Dandelion. Botanical name: Taraxacum officinale
The foliage consists of rosettes of dark green, serrated leaves. Ovate buds emerge from the center of the plant. Flowers are bright yellow and can either bloom close to the ground or rise on stems a few inches tall. Dandelions have a long, strong taproot that extends several inches into the soil.
Life Cycle and Reproduction
Dandelions are perennial weeds. Their long taproot keeps the plant alive over the winter, and also makes it somewhat difficult to remove. Dandelions spread by seed, which are dispersed by the wind and by sticking to clothing, shoes, and animal fur.

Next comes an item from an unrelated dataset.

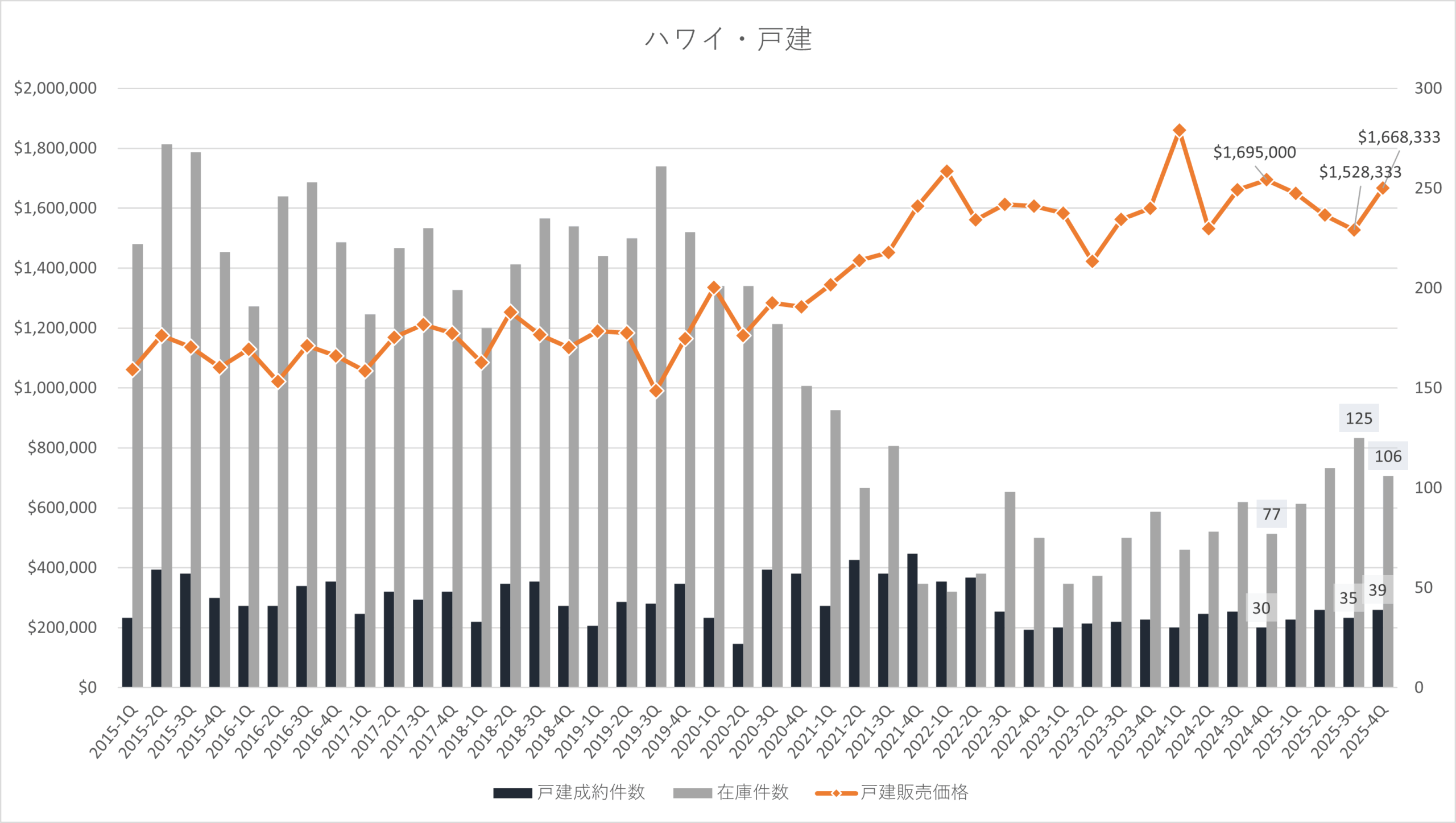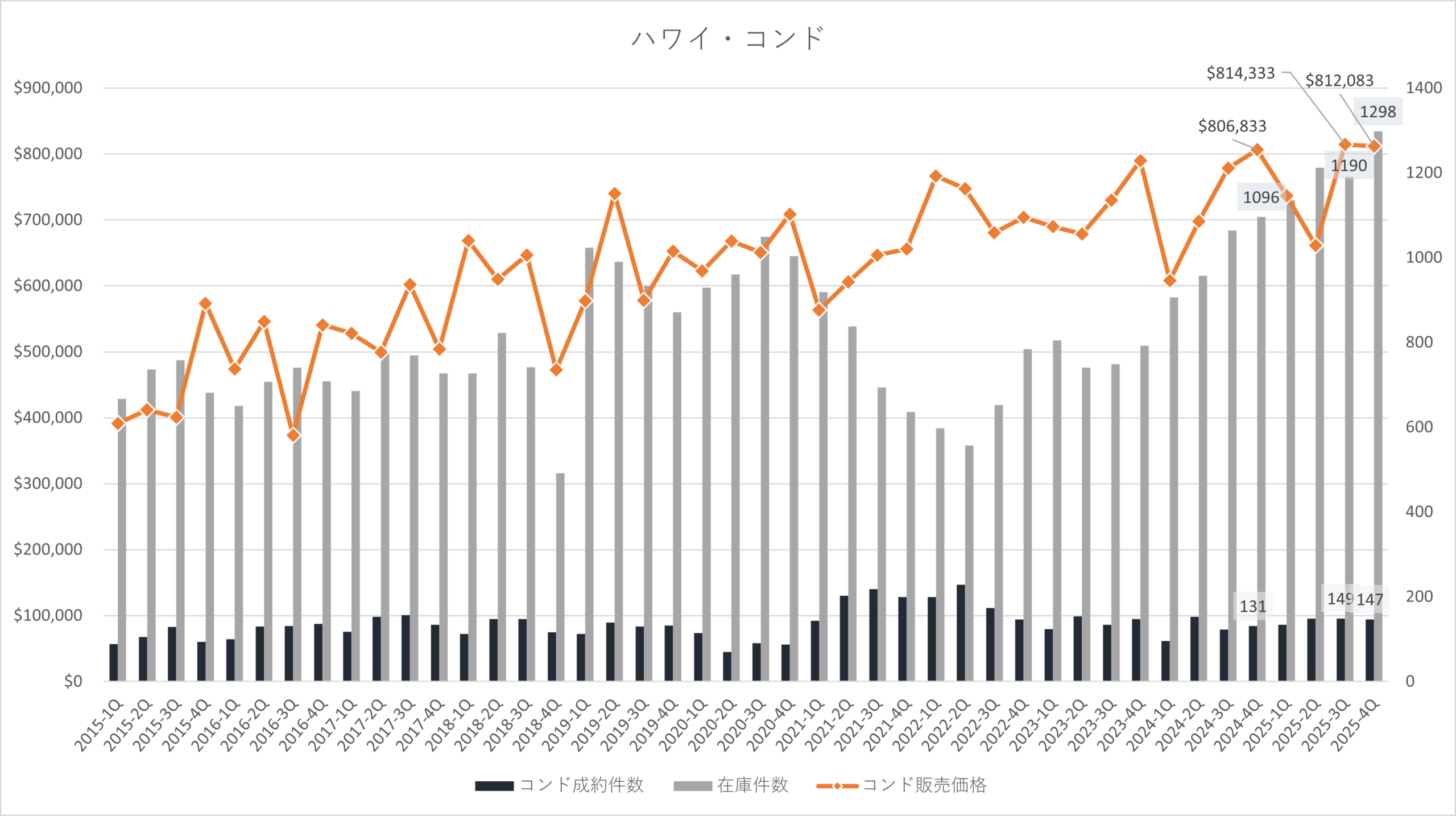 総論としてハワイの2025年4Qは戸建てが販売数、価格ともに堅調、コンドミニアムは在庫が高止まりし価格調整が進む状況が続いています。コンドミニアムの市場滞留日数増加と相まって、買い手にとっては選択肢の幅が広がりバーゲニング・パワーも優位に働き、中古物件の仕込みには好機と思われます。売り手にとっては引き続き競争力のある価格設定にしたり、改装をしたり、AIを活用したステージングなど商品力強化に努力することが求められています。

How To Get Rid of Dandelions
The best way to get rid of dandelions is to remove them by hand. The key is to get all, or as much as possible, of the long taproot, since the plant can regenerate from any root pieces that remain in the soil. Water the area the day before you plan to weed, then use a long, narrow tool, such as a flat screwdriver or dandelion digger. Insert the tool as deeply as you can next to the crown of the dandelion, and wiggle the tool to loosen the soil around the root. Test to see if it is loose by gently tugging on the plant. Once there is little resistance, pull the dandelion out of the soil.
How to Prevent Dandelions
Soils with low levels of calcium, and that don't break down organic matter quickly, are havens for dandelions, especially in lawns. If you have a lot of dandelions, top dress your lawn in the fall with compost. This will improve the nutrient level and introduce microbes that will break down organic matter more quickly. In addition, mow your lawn high and use a mulching mower to leave your clippings on the lawn. Try to remove any existing dandelions before they go to seed. For garden beds, a three-inch layer of mulch will usually prevent dandelions from popping up.
Uses for Dandelions
Dandelion greens are high in iron and vitamin C. They can be eaten raw, steamed or sauteed. They are a delicious bitter green. In addition, the yellow blooms of dandelions are important late-season nectar sources for beneficials such as bumble bees.